AVOIDANCE AND MINIMIZATION INFORMATION – The applicant has provided the following information in support of efforts to avoid and/or minimize impacts to the aquatic environment:
“Impacts to USACE wetlands have been avoided but impacts to USACE surface waters could not be avoided. The property was chosen because its lack of USACE jurisdictional wetland impacts and dominance of upland exotic vegetation. USACE impacts have been minimized by proposing fill within man-made USACE surface waters.”
COMPENSATORY MITIGATION: The applicant has provided the following explanation why compensatory mitigation should not be required:
“Since no USACE jurisdictional wetland impacts are proposed, no compensation or mitigation should be required.”
CULTURAL RESOURCES: The Corps is not aware of any known historic properties within the permit area. By copy of this public notice, the Corps is providing information for review. Our final determination relative to historic resource impacts is subject to review by and coordination with the State Historic Preservation Officer and those federally recognized tribes with concerns in Florida and the Permit Area.
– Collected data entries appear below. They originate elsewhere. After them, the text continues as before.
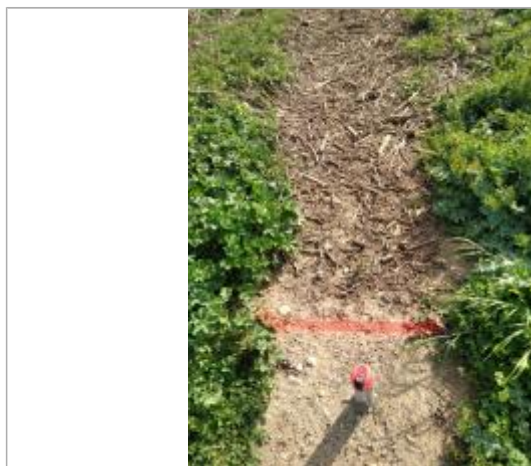
Dépôt sur le chemin
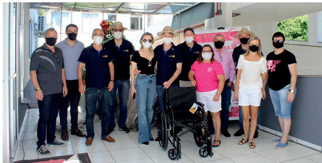
O Rotary entregou as cadeiras de rodas ao Gama na manhã de sábado (18)
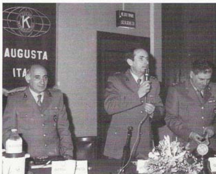
Conferenza - dibattito sul Tema "Il servizio militare di leva ed i criteri medico legali per l'idoneità"
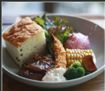
for Kids 1,250円(税込) キッズメニュー 【小学生以下限定】
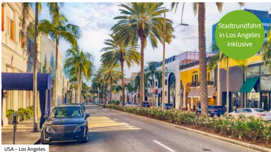
USA – Los Angeles
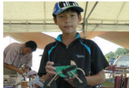
中央エントランスで開催された「森のクラフト」教室で ゼッケン56・ライムグリーンのバイクが完成!
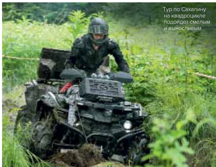
Тур по Сахалину на квадроцикле подойдет смелым и выносливым

Самое лучшее время для путешествий на Сахалин и соседние с ним острова — август и сентябрь, самый разгар дальневосточного лета
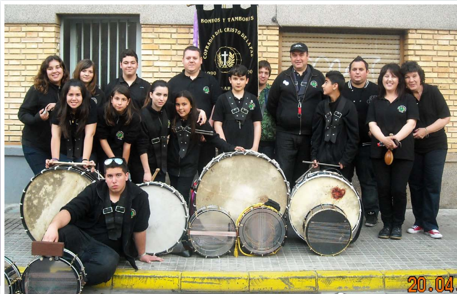
Banda Cristo la Paz El pasado domingo La banda Cristo la Paz despierta a la ciudad...aquí en casa la "Presi"
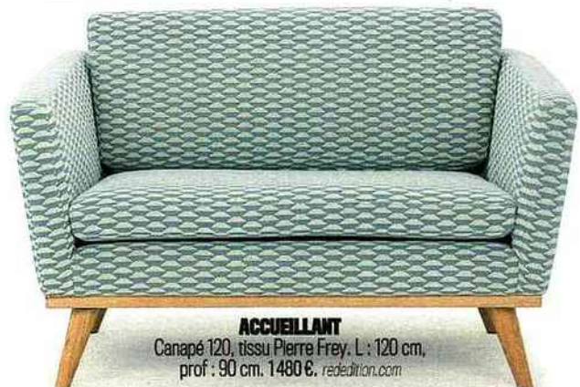
ACCUEILLANT Canapé 120, tissu Pierre Frey. L : 120 cm, prof : 90 cm. 1480 €. rededition.com
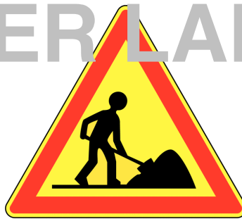
Danger : travaux
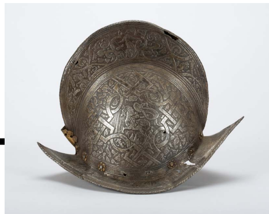
Paradehelm (Morion), Norditalien, um 1580/90
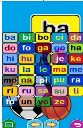
Gambar 4. Tampilan suku kata

ENDANGERED SPECIES: The Corps assessed the project site for Federally listed species using the FWS’ Information for Planning and Consultation (IPaC) web site and all available GIS data within the Corps’ Resources at Risk (RAR) system, for purposes of complying with Section 7 of the ESA of 1973 (as amended). The IPaC system generated a list of 16 species within Collier County.
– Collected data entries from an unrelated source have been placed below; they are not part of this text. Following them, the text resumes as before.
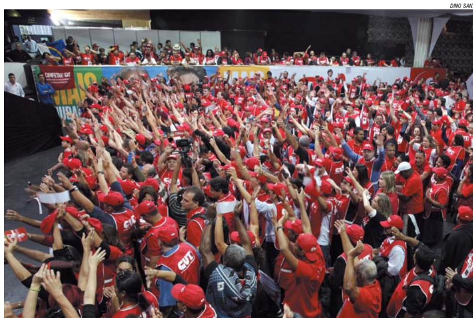
Delegados cutistas durante ato com a presidenta
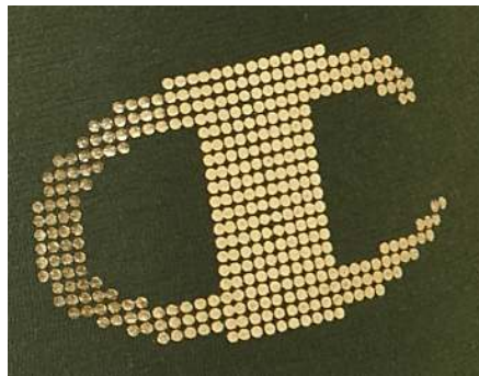
ドットで構成された「C」ロゴ
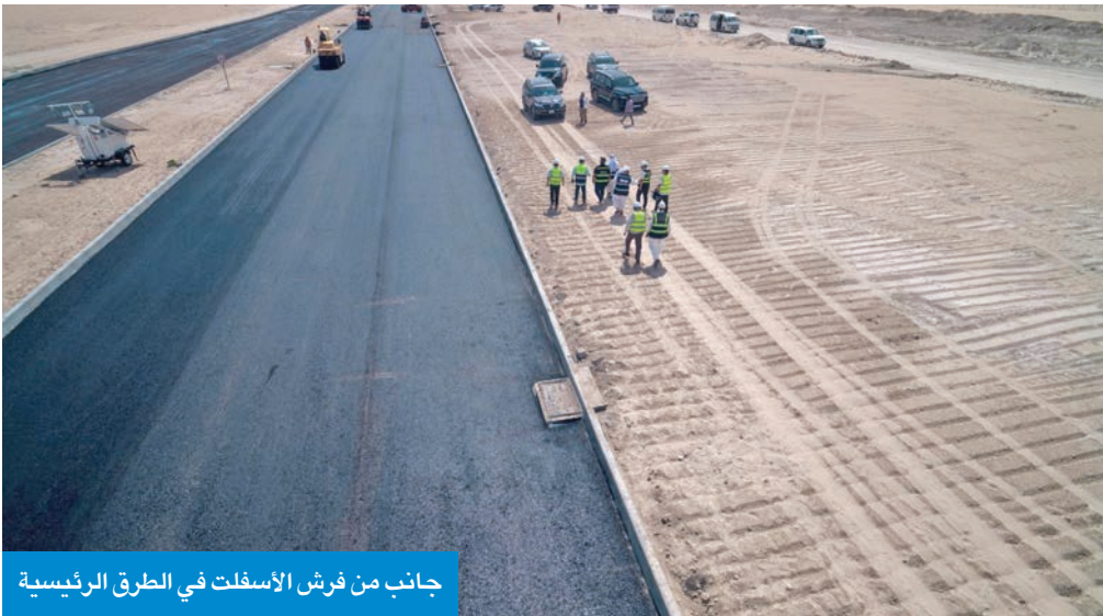
جانب من فرش الأسفلت في الطرق الرئيسية

الكندري: 46.36% الإنجاز الفعلي حتى الشهر الجاري
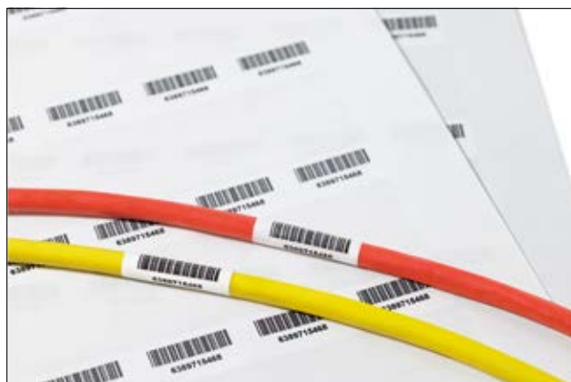
Grazie alla laminazione si ottiene una identificazione a lungo termine.

Per semplici modelli di stampa in Word, visita: www.HellermannTyton.it/modelli-etichette
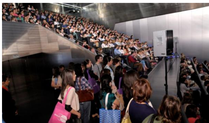
La asistencia a los simposios de este congreso ha sido masiva.

A esta jornada se inscribieron un total de 250 personas aunque los asistentes finales ascendieron a 400. En ella se presentaron datos alentadores que avalan una mejora de la supervivencia en los pacientes sometidos a trasplante en ensayos clínicos o protocolos desarrollados a nivel del Grupo Español de
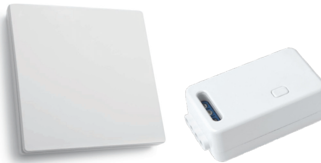
Готовый комплект TM181 состоит из кнопки-выключателя TM81 и контроллера LD100.
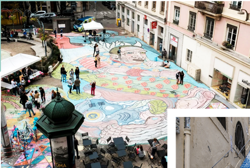
Rue Victor Hugo - Lyon 2
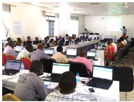
州・県担当官向け全国研修の様子

G.ecboプログラムは、貴重な体験ができる画期的なプログラムだと思います。積極的に挑戦し、学術研究や卒業後のライフデザインに役立ててください。

The Corps had determined that the proposed project may affect the Florida panther (Felis concolor coryi), and may affect, but is not likely to adversely affect, the Florida bonneted bat (Eumops floridanus) and Eastern indigo snake (Drymarchon corais couperi). The Corps has initiated formal consultation with the U.S. Fish and Wildlife Service pursuant to Section 7 of the Endangered Species Act by separate letter dated July 29, 2020.
The Corps has also determined that the proposed project would have no effect on the Audubon’s crested caracara (Polyborus plancus audubonii), Everglade snail kite (Rostrhamus sociabilis plumbeus), Florida scrub-jay (Aphelocoma coerulescens), ivory-billed woodpecker (Campephilus principalis), red-cockaded woodpecker (Picoides borealis), American wood stork (Mycteria americana), loggerhead sea turtle (Caretta caretta), Gulf sturgeon (Acinpenser oxyrinchus desotoi), Bartram’s hairstreak butterfly (Strymon acis bartrami), Florida leafwing butterfly (Anaea troglodyte floridalis), Miami blue butterfly (Cyclargus thomasi bethunebakeri), Florida prairie-clover (Dalea carthagenensis floridana), and Garber’s spurge (Chamaesyce garberi), or their designated, or proposed for designation, critical habitat.
ESSENTIAL FISH HABITAT (EFH): This notice initiates consultation with the National Marine Fisheries Service on EFH as required by the Magnuson-Stevens Fishery Conservation and Management Act 1996. The site does not contain EFH and the Corps’ initial determination is that the proposed action would not have a substantial adverse impact on EFH or Federally managed fisheries in the South Atlantic Region. Our final determination relative to project impacts and the need for mitigation measures is subject to review by and coordination with the National Marine Fisheries Service.
NOTE: This public notice is being issued based on information furnished by the applicant. This information has not been verified or evaluated to ensure compliance with laws and regulation governing the regulatory program. The jurisdictional line has been verified by Corps personnel.
AUTHORIZATION FROM OTHER AGENCIES: Water Quality Certification may be required from the Florida Department of Environmental Protection and/or one of the state Water Management Districts.
COMMENTS regarding the potential authorization of the work proposed should be submitted in writing to the attention of the District Engineer through the Fort Myers Permits Section, 1520 Royal Palm Square Boulevard, Suite 310, Fort Myers, Florida 33919-1036 or to the email address of the Project Manager noted below, within 30 days from the date of this notice.
The decision whether to issue or deny this permit application will be based on the information received from this public notice and the evaluation of the probable impact to the associated wetlands. This is based on an analysis of the applicant's avoidance and minimization efforts for the project, as well as the compensatory mitigation proposed.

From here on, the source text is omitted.